(Data excerpts)
▬▬▬

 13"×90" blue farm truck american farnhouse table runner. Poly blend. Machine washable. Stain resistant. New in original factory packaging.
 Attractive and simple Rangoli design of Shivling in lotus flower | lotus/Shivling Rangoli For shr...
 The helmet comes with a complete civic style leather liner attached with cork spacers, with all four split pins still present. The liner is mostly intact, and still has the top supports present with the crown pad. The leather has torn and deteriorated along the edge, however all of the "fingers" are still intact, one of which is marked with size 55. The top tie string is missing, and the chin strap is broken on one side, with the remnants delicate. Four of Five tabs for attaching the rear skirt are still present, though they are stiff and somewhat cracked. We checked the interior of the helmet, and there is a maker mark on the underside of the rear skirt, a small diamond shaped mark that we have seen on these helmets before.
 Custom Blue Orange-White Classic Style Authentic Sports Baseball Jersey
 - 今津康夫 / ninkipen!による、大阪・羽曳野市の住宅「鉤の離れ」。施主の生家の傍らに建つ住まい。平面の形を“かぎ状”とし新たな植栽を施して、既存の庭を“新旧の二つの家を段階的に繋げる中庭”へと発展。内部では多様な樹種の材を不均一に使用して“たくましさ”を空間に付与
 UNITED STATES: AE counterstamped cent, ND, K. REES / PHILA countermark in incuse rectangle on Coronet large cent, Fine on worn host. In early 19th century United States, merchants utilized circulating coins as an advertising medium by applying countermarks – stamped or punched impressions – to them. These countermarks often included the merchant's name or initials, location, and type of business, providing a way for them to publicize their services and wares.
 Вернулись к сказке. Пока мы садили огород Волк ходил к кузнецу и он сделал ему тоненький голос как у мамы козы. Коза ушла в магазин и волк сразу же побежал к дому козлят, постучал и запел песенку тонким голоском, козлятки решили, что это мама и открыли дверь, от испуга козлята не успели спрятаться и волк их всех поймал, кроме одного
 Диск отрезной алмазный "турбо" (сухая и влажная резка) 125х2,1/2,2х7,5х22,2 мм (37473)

▬▬▬

What to produce: From the line that contains "Custom Blue Orange-White" through the last line of the records above, copy every line exactly and leave out the rest.

Answer to this exercise:
 Custom Blue Orange-White Classic Style Authentic Sports Baseball Jersey
 - 今津康夫 / ninkipen!による、大阪・羽曳野市の住宅「鉤の離れ」。施主の生家の傍らに建つ住まい。平面の形を“かぎ状”とし新たな植栽を施して、既存の庭を“新旧の二つの家を段階的に繋げる中庭”へと発展。内部では多様な樹種の材を不均一に使用して“たくましさ”を空間に付与
 UNITED STATES: AE counterstamped cent, ND, K. REES / PHILA countermark in incuse rectangle on Coronet large cent, Fine on worn host. In early 19th century United States, merchants utilized circulating coins as an advertising medium by applying countermarks – stamped or punched impressions – to them. These countermarks often included the merchant's name or initials, location, and type of business, providing a way for them to publicize their services and wares.
 Вернулись к сказке. Пока мы садили огород Волк ходил к кузнецу и он сделал ему тоненький голос как у мамы козы. Коза ушла в магазин и волк сразу же побежал к дому козлят, постучал и запел песенку тонким голоском, козлятки решили, что это мама и открыли дверь, от испуга козлята не успели спрятаться и волк их всех поймал, кроме одного
 Диск отрезной алмазный "турбо" (сухая и влажная резка) 125х2,1/2,2х7,5х22,2 мм (37473)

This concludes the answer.